Fast forward to today. Little Timmy has wheat sensitivity, little Amber is lactose intolerant, Mom is trying to go vegan and Dad wants a burger. And they all have complex schedules, with work, school, sports and whatever.
Restaurants are a partial solution, but they can be pricey, and they don't solve the problem of everyone in the family needing to eat at a different time.
Perhaps we need to move from what you might call a hostess model (Mom in 1955) to what I will call a project management model. We would need some applications on the Internet to make this approach work.
Consider one part of the eating process: shopping. Today, each family in your neighborhood makes a trip to the store. It's cheaper than home delivery. But imagine the process of shopping becoming a Walmart-like "just in time" model. Suppose your food for the coming day is delivered fresh to one central neighbor's garage in the neighborhood. That saves eight shopping trips and the delivery fee is divided eight ways. So far, so good. You might even have enough combined buying power to get discounts.
Now imagine that the project management application does everything from keeping track of individual diet preferences to scheduling neighbors for specific food tasks at specific times. You wouldn't mind being the prep cook on a given Tuesday if you did it with three neighbors while having an adult beverage and chatting. The idea here is to find as much benefit in the "work" of food preparation as you get from the eating. Shared tasks are a great way to get to know neighbors. If you need to work late, the software broadcasts a request for a substitute.
After the various neighbors have done their project tasks to create a meal for each individual, the food will be placed in microwaveable containers and labelled. Each family performs their scheduled tasks and takes home their food to heat up whenever it makes sense for the family. The project management application ensures that over time, every family puts in equal labor and equal funding.
The software would come up with menu plans and shopping lists that are the most efficient and optimized. For example, the carnivores' side dishes would be the same components as the vegan's main meal. And the planned excess would be tomorrow's lunch .

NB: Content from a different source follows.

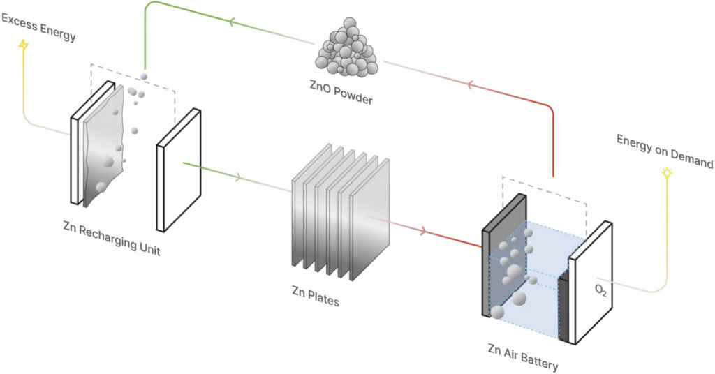 The way their system works is quite elegant. When you have excess energy, you use it to electrochemically produce metallic zinc from zinc oxide. The metallic zinc remains stable in a plate form for months and months without any kind of degradation. Whenever you want the energy back, you run the zinc through a zinc air battery that reacts with ambient air and a water based electrolyte to release the stored energy. Then the zinc converts to zinc oxide again and you can use it all over again.

You can imagine a hundred ways to improve the system. The point is that a collaborative project management approach to family dinners makes sense when the complexity of modern life makes the single hostess model impractical.
This approach is also a great opportunity to lower food costs, reduce waste, improve your nutritional variety, network with neighbors, and have some fun at the same time.
I realize this model might not work for the loners and virulent anti-communists. Assume it's optional. No one will force you to talk to your neighbors.